Definition of Pain by International Association for study of Pain (IASP) (2018)
“An unpleasant sensory and emotional experience associated with, or resembling that associated with, actual or potential tissue damage.”
Definition of Pain by McCaffery & Pasero (1999)
Pain is “Whatever the experiencing person says it is, existing whenever he/she says it does person says it is”
The reporting of pain is subjective therefore as health professionals, assessment and management of pain can be challenging. Using pain assessment tools are essential in building up the ‘true picture’ as is observing a person without questioning and looking for changes in behavior and this will be explored further within the module.
Different Types of Pain
The diagram below explains the two main types of pain and the associations of the pain
Common causes of pain in older people
Cicely Saunders first used the term ‘total pain’ in 1964 to describe the intertwined physical, psychological, social, and spiritual dimensions of pain (Clark 1999).

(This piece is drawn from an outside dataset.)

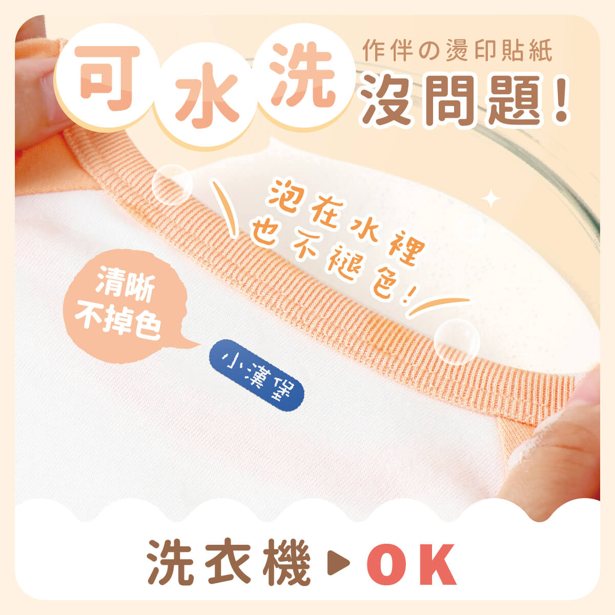 3. 燙印貼"不可"用熨斗直接接觸姓名貼。

This is an area that health professionals need to build upon incorporating into care planning and documentation.
Total Pain
Examples of Pain Assessment Tools
Wong-Baker Scores
Brief Pain Inventory
Please press Ctrl and click to display the brief pain inventory tool
http://www.painbc.ca/sites/default/files/events/materials/BriefPainInventory-ShortForm.pdf
Pain Assessment
Pain is assessed by obtaining a history, performing a physical examination and relevant investigations, and taking into consideration other factors that might influence the experience of pain and/or the ability to communicate
Through Visual Cues
Vital Sign Changes
History
It is essential to have knowledge of the resident’s disease states, all of which may relate to their pain
Diagnosis
Begin with asking a general question e.g. Are you 100% comfortable?

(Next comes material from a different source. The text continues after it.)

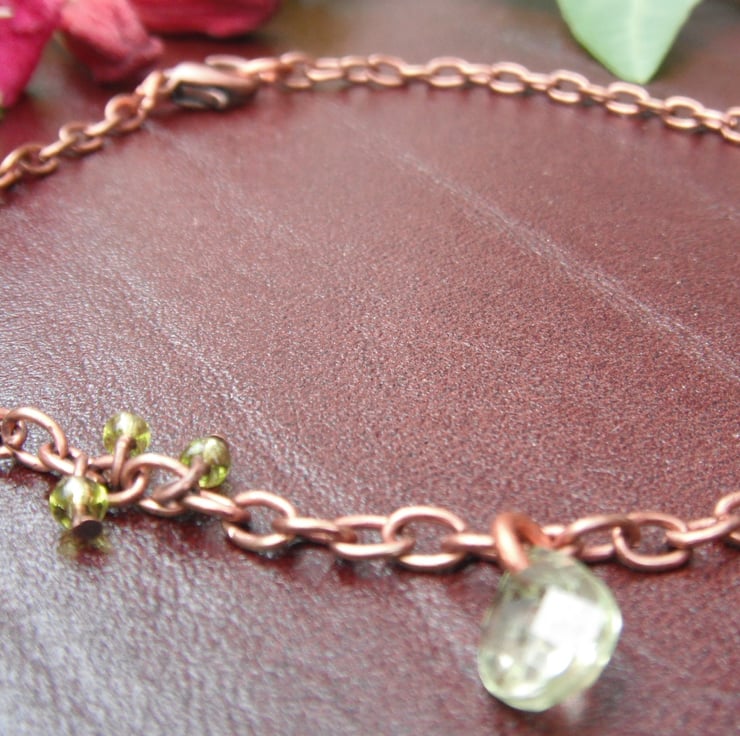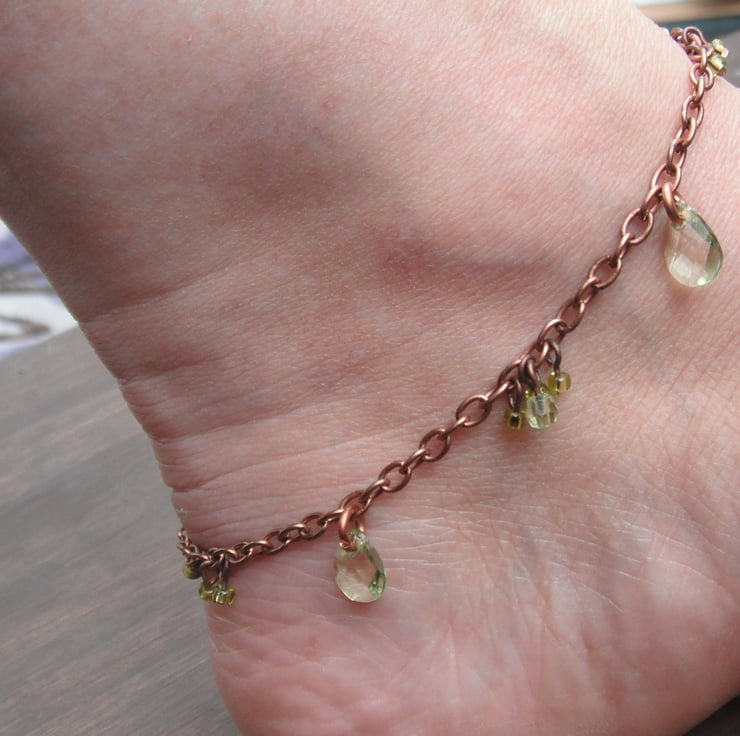 Copper chain, with delicate acrylic faceted tear-drop beads, and peridot seed beads.

Enquire where the pain is and if there is more than one pain. Then proceed to ask more detailed questions. If a person denies pain or minimizes its severity it may help to ask:
Location
There is frequently more than one major pain. Each painful site should be identified and assessed separately as each pain may involve a different pathology and mechanism. A body chart is especially useful to help monitor the success of treatments for individual pain sites.
Radiation
There are some characteristic patterns of radiation or referral of pain that may give clues to the cause and type of pain. For example, shoulder tip pain suggests diaphragmatic pathology or liver capsular origin.
What makes the pain better or worse?
Information about what makes the pain better or worse may help in the identification of pain e.g. pain on breathing with pathological rib fracture. Looking at the response to previously tried analgesics also assists with determining the choice and doses of medications.

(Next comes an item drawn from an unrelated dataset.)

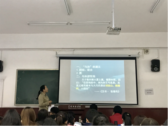 11月1日上午第二节,代小老师为大三历史专业学生讲授“北方民族史”课程中的《乌孙与月氏》,代老师通过生动有趣的历史故事为学生讲述了乌孙名字的由来、经济、政治制度和与中原王朝的关系,为学生们展现了丰富多彩的北方游牧民族文化。

‘Quality’ refers to the words the person uses to describe their pain:
Pain quality also gives insights into how the person is reacting to their pain – ‘unbearable’, ‘intolerable’ or ‘annoying’ or ‘uncomfortable’.
Severity
Pain severity is usually measured using categorical scales (‘none, mild, moderate, severe, worst ever’), numerical scales (0-10 or 0-5), or visual analogue scales.
Timing
How does pain severity vary over time? Establish the pattern of each pain at each site, and any fluctuations through the day, especially in relation to movement, sleep, or other events/activities.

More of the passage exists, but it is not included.